ACTION ITEM: Nothing but the lines below from the one holding "- ↑ (en) Nada" up to and including the one holding "エディションベータ株式会社(本社:東京都" should be copied, exactly and without pictures.

(Entries taken from a collection)
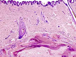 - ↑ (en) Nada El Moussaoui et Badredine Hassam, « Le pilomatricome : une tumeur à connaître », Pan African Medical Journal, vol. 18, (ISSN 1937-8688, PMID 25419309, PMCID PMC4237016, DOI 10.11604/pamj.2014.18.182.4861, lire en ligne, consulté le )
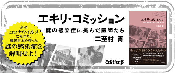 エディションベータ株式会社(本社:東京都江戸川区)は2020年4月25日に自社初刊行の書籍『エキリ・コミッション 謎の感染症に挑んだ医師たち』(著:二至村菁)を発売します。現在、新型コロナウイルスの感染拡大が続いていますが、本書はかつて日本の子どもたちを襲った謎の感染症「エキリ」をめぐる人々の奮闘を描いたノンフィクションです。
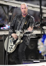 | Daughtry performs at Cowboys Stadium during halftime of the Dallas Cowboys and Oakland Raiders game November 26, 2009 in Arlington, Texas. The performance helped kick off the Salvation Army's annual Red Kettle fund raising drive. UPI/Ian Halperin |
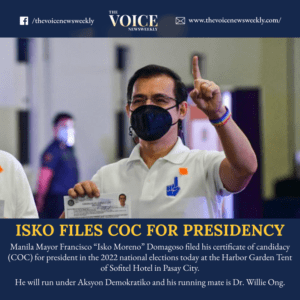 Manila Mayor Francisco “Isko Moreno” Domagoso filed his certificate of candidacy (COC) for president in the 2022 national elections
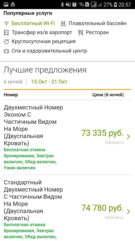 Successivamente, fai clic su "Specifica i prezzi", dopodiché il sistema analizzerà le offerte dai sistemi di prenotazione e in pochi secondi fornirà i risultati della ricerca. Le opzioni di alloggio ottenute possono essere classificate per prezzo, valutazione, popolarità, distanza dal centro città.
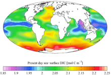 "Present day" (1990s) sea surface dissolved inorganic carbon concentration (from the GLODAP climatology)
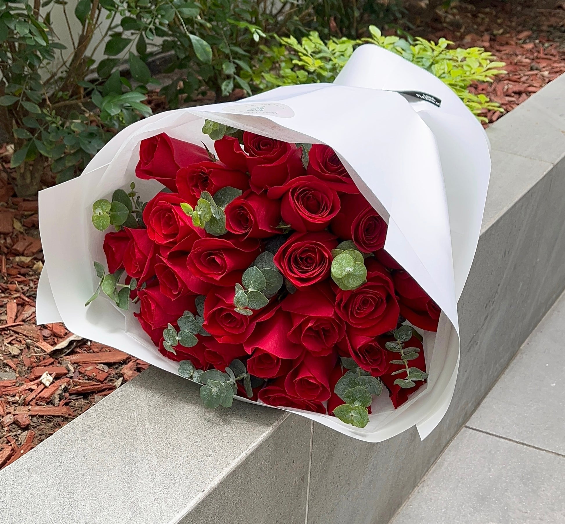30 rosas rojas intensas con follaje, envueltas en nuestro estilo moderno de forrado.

--

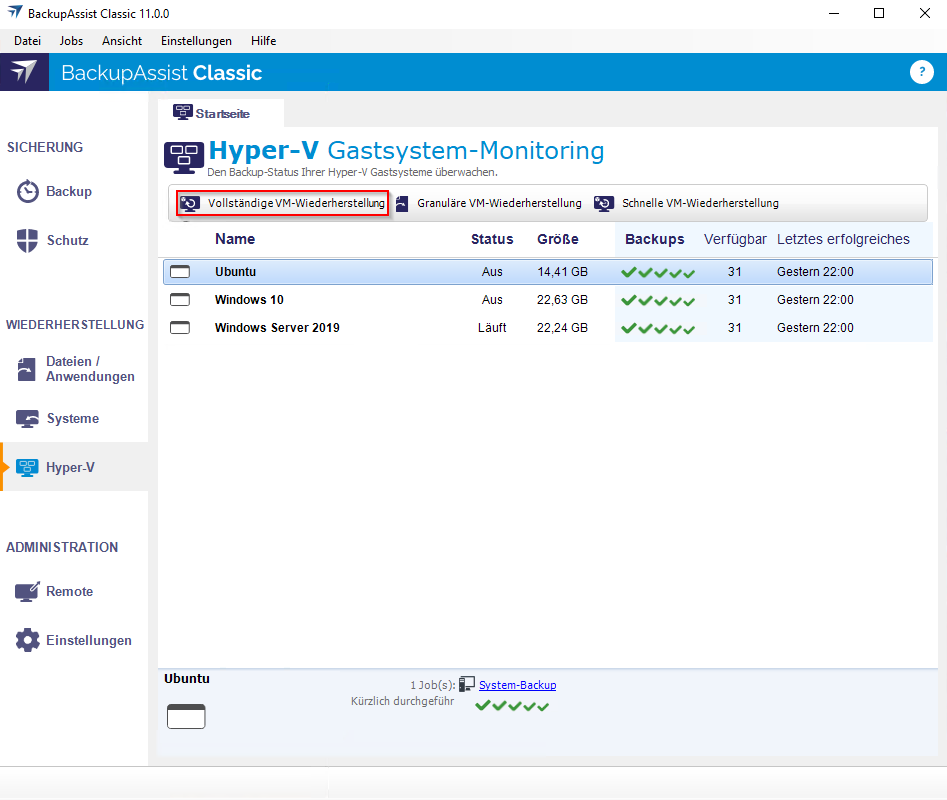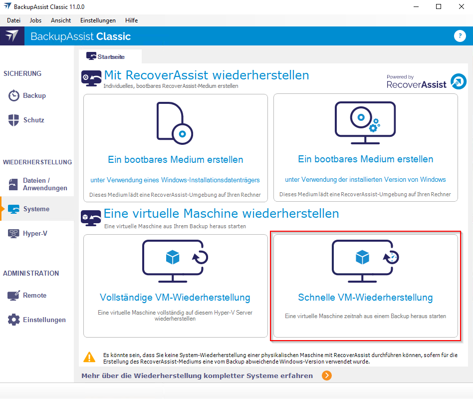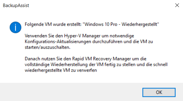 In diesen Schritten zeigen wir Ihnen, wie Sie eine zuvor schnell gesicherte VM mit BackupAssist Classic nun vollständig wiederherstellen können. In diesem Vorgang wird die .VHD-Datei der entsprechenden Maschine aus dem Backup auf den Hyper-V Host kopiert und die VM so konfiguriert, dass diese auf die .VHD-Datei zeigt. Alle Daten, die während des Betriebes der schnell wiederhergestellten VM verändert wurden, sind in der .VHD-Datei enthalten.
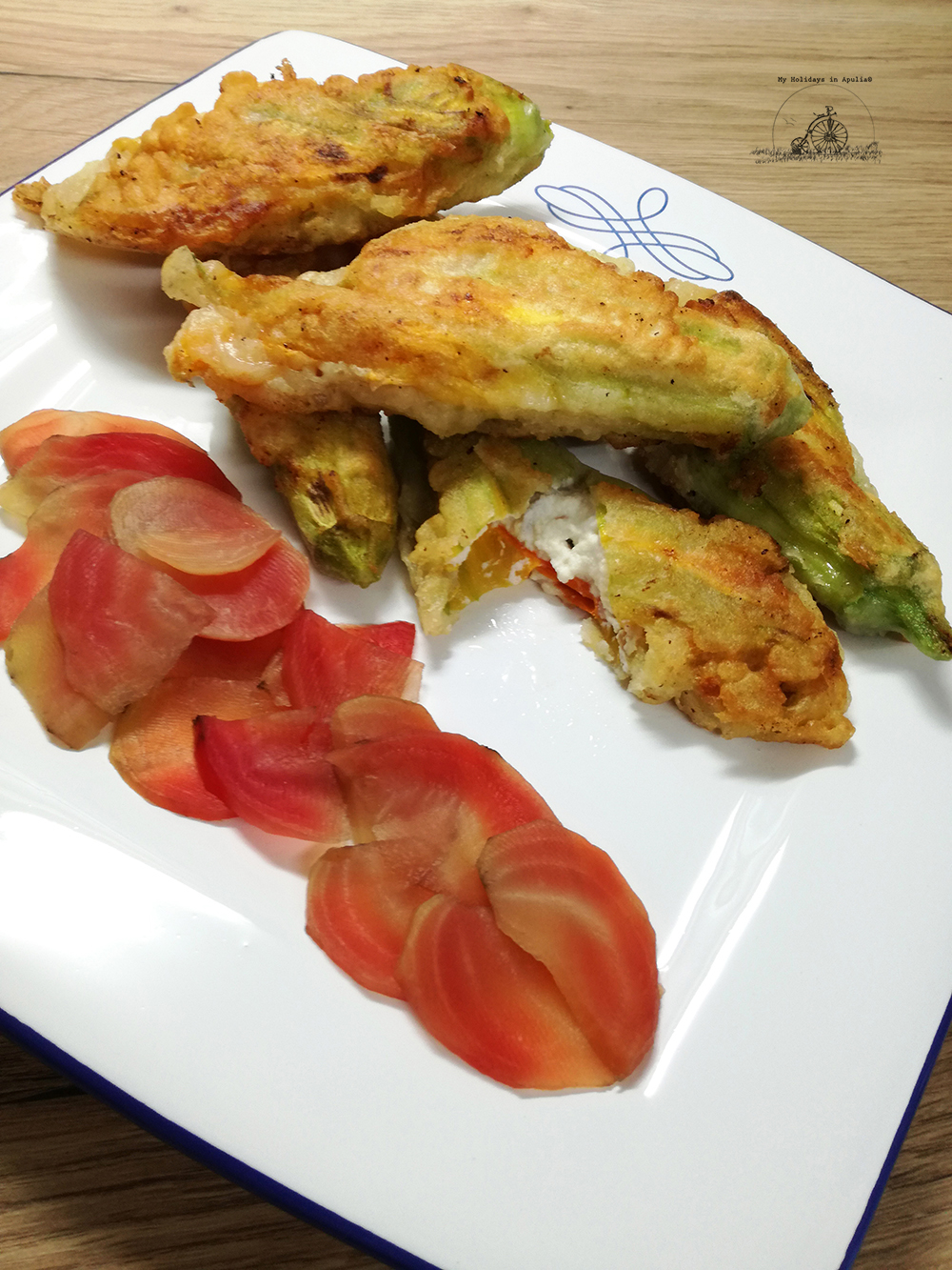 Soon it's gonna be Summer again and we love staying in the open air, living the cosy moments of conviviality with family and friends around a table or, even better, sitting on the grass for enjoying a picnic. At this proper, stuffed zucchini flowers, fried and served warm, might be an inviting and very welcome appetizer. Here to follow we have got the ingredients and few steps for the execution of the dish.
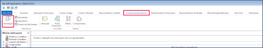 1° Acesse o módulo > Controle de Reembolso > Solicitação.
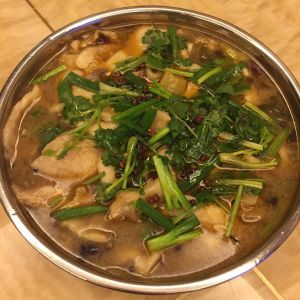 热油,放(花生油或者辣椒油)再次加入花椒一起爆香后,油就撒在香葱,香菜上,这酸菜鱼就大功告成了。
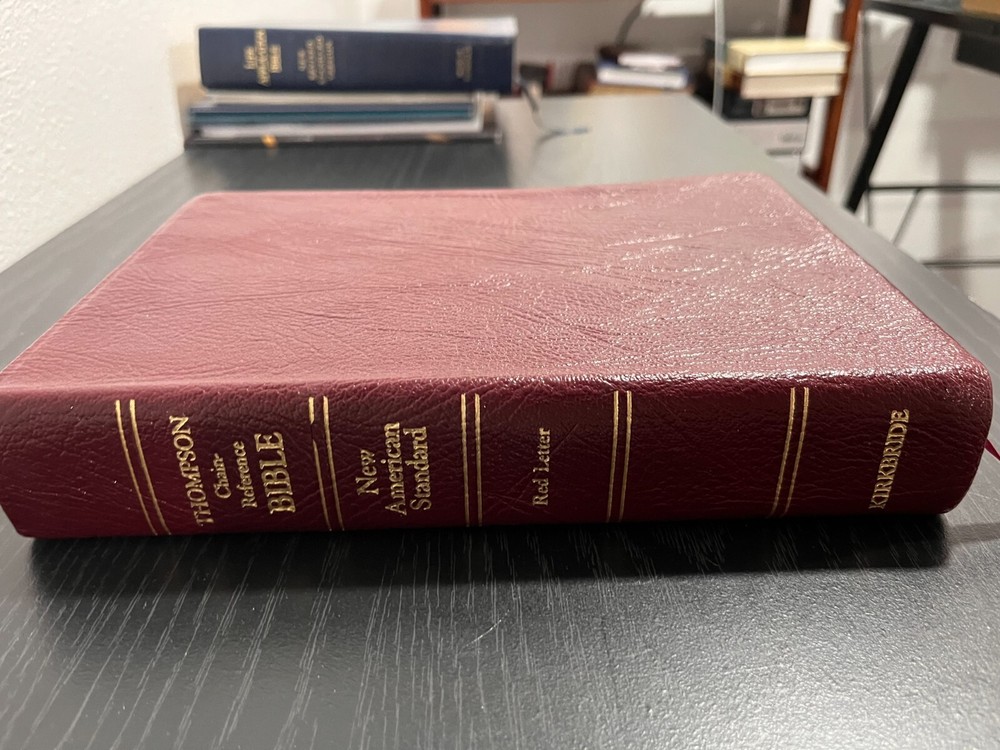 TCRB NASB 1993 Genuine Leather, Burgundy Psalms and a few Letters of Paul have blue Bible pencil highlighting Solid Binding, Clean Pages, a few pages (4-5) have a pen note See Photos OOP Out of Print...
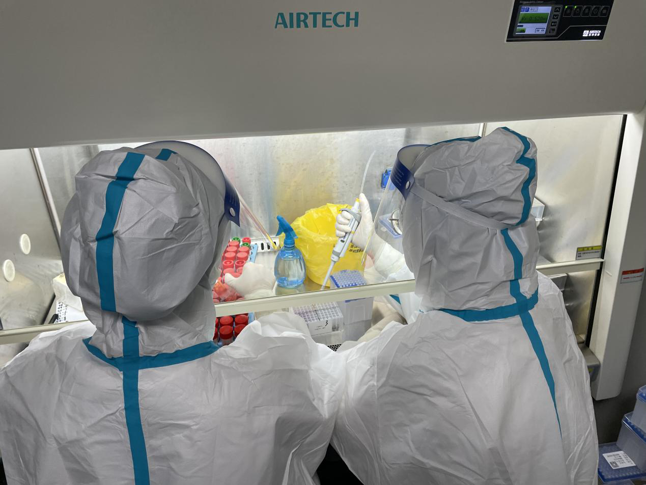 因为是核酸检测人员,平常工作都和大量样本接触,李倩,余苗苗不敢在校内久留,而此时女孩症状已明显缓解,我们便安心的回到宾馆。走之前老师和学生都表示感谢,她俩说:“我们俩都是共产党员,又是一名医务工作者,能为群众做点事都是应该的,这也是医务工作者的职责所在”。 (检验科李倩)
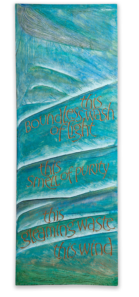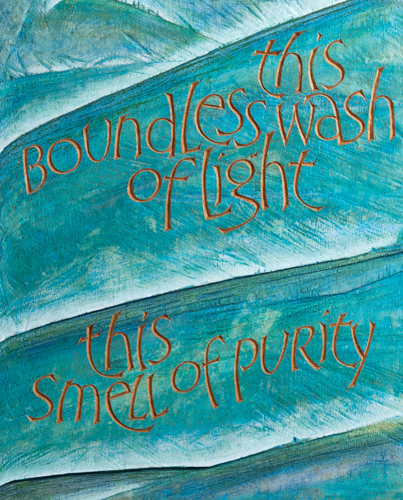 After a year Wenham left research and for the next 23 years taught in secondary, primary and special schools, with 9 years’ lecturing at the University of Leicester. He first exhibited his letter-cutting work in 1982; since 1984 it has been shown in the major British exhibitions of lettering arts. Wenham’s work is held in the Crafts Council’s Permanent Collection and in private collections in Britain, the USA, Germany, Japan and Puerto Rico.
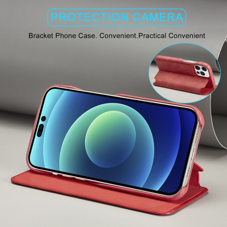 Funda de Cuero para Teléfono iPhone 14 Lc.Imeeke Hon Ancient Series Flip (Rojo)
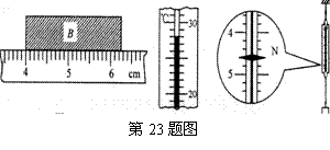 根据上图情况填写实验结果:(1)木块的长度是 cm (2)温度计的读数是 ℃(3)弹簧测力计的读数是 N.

RESULT BELOW:
 - ↑ (en) Nada El Moussaoui et Badredine Hassam, « Le pilomatricome : une tumeur à connaître », Pan African Medical Journal, vol. 18, (ISSN 1937-8688, PMID 25419309, PMCID PMC4237016, DOI 10.11604/pamj.2014.18.182.4861, lire en ligne, consulté le )
 エディションベータ株式会社(本社:東京都江戸川区)は2020年4月25日に自社初刊行の書籍『エキリ・コミッション 謎の感染症に挑んだ医師たち』(著:二至村菁)を発売します。現在、新型コロナウイルスの感染拡大が続いていますが、本書はかつて日本の子どもたちを襲った謎の感染症「エキリ」をめぐる人々の奮闘を描いたノンフィクションです。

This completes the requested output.